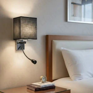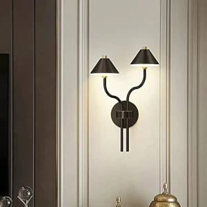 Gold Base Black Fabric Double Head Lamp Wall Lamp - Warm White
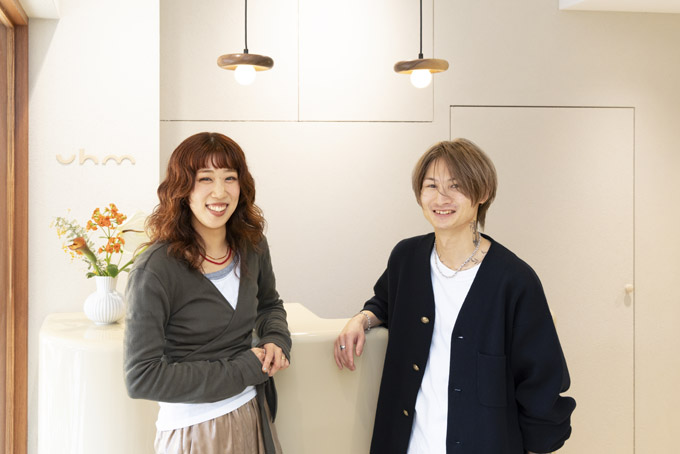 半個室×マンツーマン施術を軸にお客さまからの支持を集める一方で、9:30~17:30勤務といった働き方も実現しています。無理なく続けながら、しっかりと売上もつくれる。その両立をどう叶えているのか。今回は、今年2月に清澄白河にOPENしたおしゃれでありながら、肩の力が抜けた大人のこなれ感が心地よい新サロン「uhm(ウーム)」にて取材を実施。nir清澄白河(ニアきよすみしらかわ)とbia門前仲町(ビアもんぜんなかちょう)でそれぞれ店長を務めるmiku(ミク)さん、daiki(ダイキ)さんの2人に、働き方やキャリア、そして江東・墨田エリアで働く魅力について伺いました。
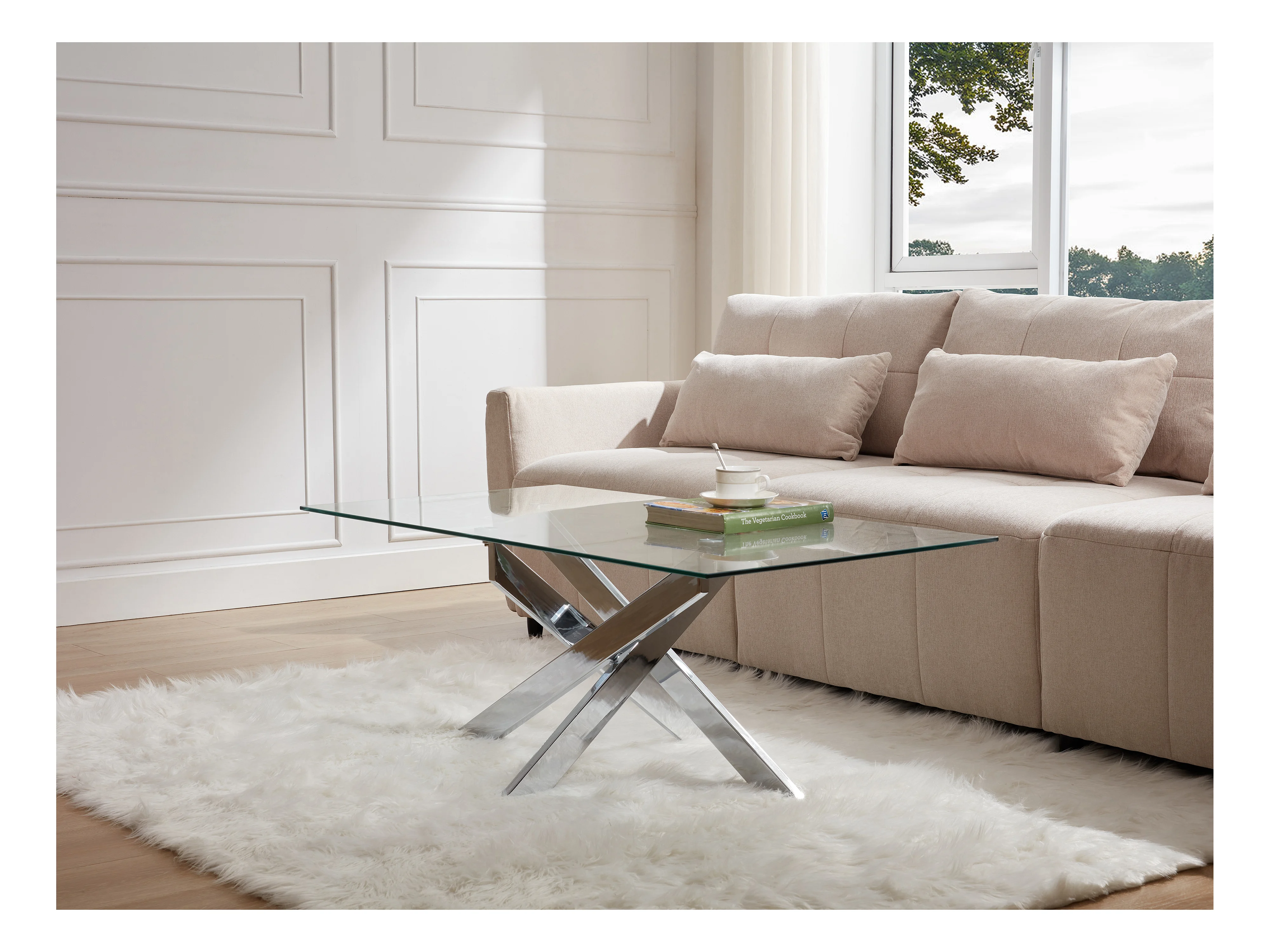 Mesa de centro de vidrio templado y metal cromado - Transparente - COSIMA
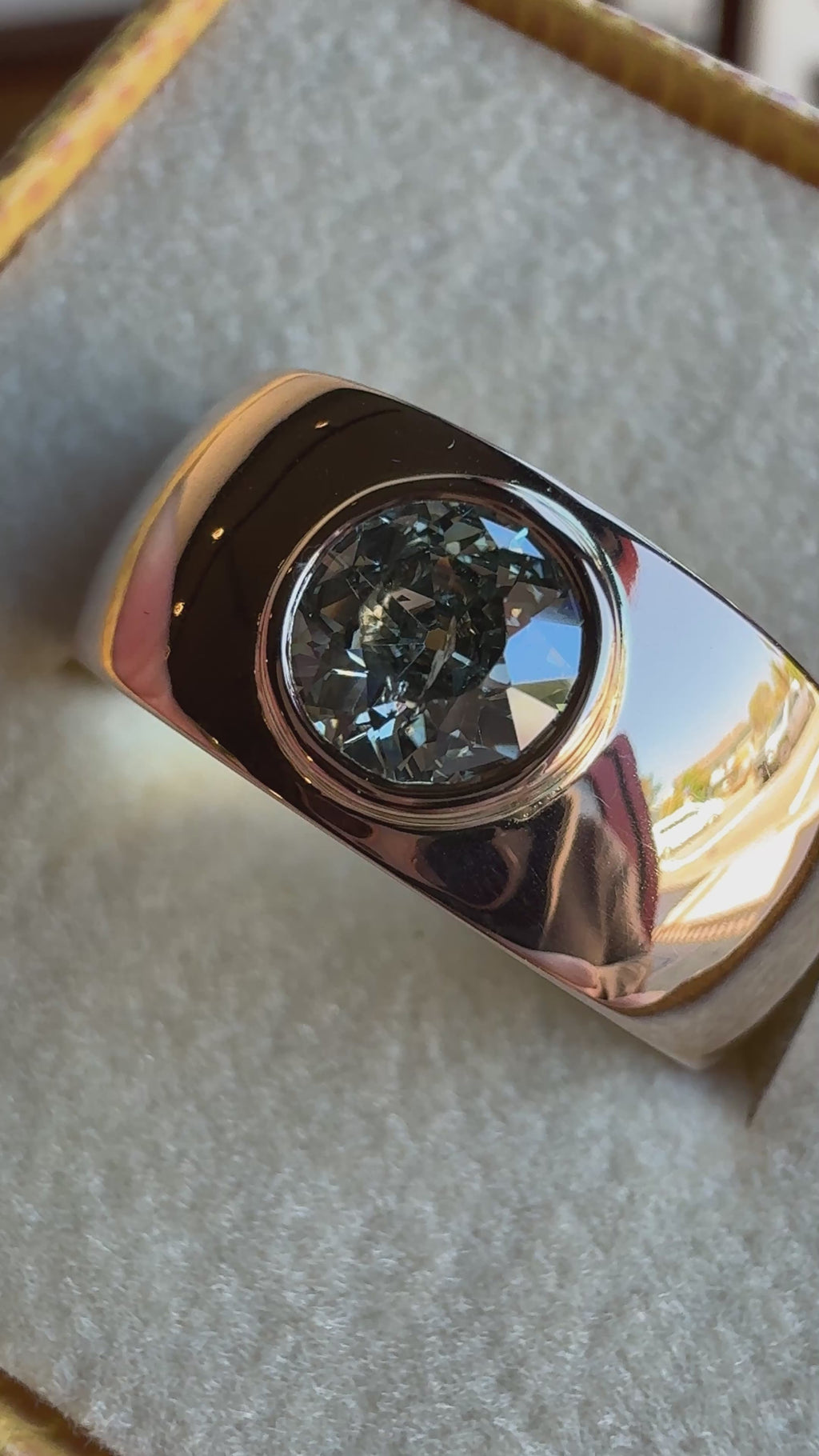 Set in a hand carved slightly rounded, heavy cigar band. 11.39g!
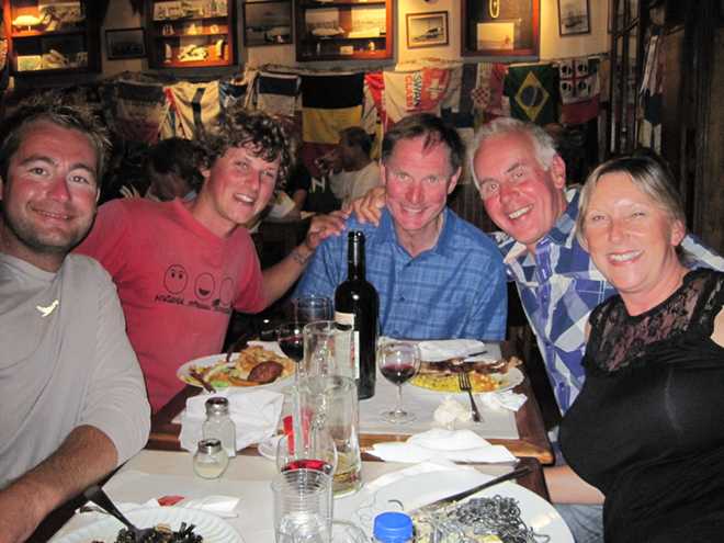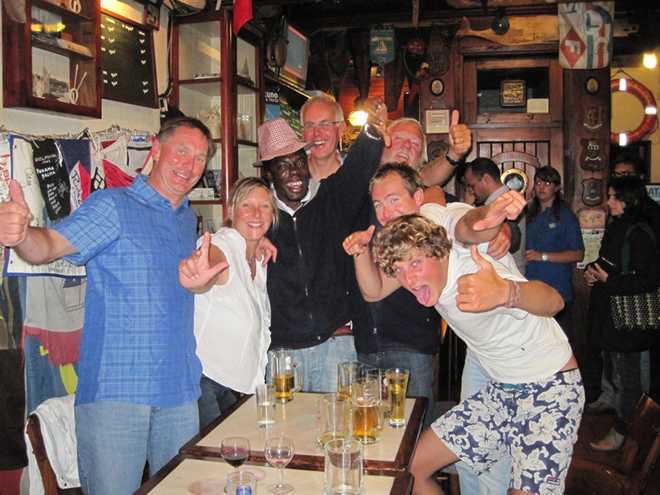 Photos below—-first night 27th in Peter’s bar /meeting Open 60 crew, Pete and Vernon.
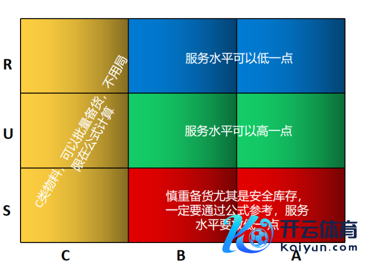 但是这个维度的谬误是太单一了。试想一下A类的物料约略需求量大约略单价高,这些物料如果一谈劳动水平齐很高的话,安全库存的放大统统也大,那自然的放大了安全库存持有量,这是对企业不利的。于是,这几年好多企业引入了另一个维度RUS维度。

## About this task
Without altering anything, output all the lines above but none of the images.

## Final answer
 Gold Base Black Fabric Double Head Lamp Wall Lamp - Warm White
 半個室×マンツーマン施術を軸にお客さまからの支持を集める一方で、9:30~17:30勤務といった働き方も実現しています。無理なく続けながら、しっかりと売上もつくれる。その両立をどう叶えているのか。今回は、今年2月に清澄白河にOPENしたおしゃれでありながら、肩の力が抜けた大人のこなれ感が心地よい新サロン「uhm(ウーム)」にて取材を実施。nir清澄白河(ニアきよすみしらかわ)とbia門前仲町(ビアもんぜんなかちょう)でそれぞれ店長を務めるmiku(ミク)さん、daiki(ダイキ)さんの2人に、働き方やキャリア、そして江東・墨田エリアで働く魅力について伺いました。
 Mesa de centro de vidrio templado y metal cromado - Transparente - COSIMA
 Set in a hand carved slightly rounded, heavy cigar band. 11.39g!
 Photos below—-first night 27th in Peter’s bar /meeting Open 60 crew, Pete and Vernon.
 但是这个维度的谬误是太单一了。试想一下A类的物料约略需求量大约略单价高,这些物料如果一谈劳动水平齐很高的话,安全库存的放大统统也大,那自然的放大了安全库存持有量,这是对企业不利的。于是,这几年好多企业引入了另一个维度RUS维度。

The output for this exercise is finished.